All she really needed was to take charge of the situation, some tools to work with and an attitude adjustment. I believe that’s what all of us need in these circumstances. We often need a sounding board and we sometimes need someone to say the obvious.

Caregivers often go to the doctor complaining about hyper-activity, combativeness, sleeplessness, and other behavioral changes that contribute to the difficulties in toileting and bathing a family member with Alzheimer’s Disease. They go with the hope that the doctor can prescribe a medication that will take the behaviors away while allowing the person to continue toileting themselves or cooperate more fully in their care and hygiene needs.

Sadly, while there is medication that can help manage overt psychotic behaviors, the medication often depresses overall functioning in Alzheimer’s patients as a side affect, and more Alzheimer’s family members than not, don’t respond well to psychotropic medication. Finding the exact combination of drugs to slow an Alzheimer’s person down or elevate them in order to make them more manageable can be a long and often fruitless effort.

There is a big difference between being combative and being dangerous.

For one thing, the psychotic patient still has the ability to follow through on their misconceptions. They still have their functional abilities whereas Alzheimer’s people are in the process of losing theirs.  No matter how off their perception may be, a person with Alzheimer’s Disease won’t be able to think out and follow through on their actions with any real degree of ability. 

Basic Truths:

If you go the medication route you must develop a good rapport with your doctor.

1. You must have a physician who is willing to work with you, listen to you and heed what you see as reactions to the medication.

2. You must have a physician who has specific experience working with dementia.

3. If the behaviors aren’t altered for the better on a medication plan, one has to ask if there is value in continuing it and you need a physician who is willing to consider that question.

4. Periodic review of all medication plans is recommended. Because Alzheimer’s is an ongoing process, the continuing deterioration will eventually erase all the behaviors along with the abilities. Sooner or later all of it will pass with or without medication. There is no need to medicate a symptom that no longer exists. This review usually means weaning your person off all the medication in order to get a base line of behavior by which to evaluate whether or not the plan needs to be altered or discontinued. This process can be done in a hospital, nursing home, or your home depending on what works best for the caregiver. And it can take weeks to complete the process.

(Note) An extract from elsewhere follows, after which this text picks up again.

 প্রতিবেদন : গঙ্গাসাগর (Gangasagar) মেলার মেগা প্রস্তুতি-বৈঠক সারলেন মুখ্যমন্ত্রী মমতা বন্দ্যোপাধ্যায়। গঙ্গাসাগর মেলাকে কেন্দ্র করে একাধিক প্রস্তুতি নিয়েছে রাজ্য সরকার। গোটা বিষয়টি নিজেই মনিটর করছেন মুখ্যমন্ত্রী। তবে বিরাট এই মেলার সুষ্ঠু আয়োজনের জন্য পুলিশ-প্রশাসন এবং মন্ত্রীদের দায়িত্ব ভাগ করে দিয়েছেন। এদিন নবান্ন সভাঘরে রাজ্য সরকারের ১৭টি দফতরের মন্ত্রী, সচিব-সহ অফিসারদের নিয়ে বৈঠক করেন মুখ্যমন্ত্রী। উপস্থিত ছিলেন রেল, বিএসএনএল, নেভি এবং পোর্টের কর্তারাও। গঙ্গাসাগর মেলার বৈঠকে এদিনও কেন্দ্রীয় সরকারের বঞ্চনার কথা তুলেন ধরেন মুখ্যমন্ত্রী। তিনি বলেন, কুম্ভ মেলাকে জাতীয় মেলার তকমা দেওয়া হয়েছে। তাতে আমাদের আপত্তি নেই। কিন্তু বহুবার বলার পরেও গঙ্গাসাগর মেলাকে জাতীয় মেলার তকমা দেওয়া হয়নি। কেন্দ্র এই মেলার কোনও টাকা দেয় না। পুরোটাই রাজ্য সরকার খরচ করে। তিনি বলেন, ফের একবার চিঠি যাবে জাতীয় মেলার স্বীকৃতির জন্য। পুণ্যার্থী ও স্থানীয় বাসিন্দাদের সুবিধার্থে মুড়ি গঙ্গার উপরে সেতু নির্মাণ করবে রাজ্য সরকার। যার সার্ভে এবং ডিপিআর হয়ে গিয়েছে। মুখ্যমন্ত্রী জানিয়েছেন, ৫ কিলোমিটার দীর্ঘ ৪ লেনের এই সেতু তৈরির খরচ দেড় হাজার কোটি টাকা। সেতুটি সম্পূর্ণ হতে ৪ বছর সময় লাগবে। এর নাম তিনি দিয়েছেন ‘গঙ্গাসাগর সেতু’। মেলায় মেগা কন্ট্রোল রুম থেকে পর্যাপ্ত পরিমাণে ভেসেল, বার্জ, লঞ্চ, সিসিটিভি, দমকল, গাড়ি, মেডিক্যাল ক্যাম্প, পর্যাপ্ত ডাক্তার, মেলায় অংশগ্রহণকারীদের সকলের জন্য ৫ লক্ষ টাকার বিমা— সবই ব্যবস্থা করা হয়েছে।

This person is your entry to the doctor. They are trained professionals who are often instrumental in helping you solve your problems. They are an important ally and a valuable source of information. How they present your problem to the doctor may actually determine how quickly you will get the information you need. Cultivate this relationship. Don’t forget them when you send holiday greetings to your doctor and it is probably a good idea to include the doctor’s receptionist as well. Too often these service providers become invisible to patients. Don’t underestimate their roles in the care of your family member. A little acknowledgment goes a long way.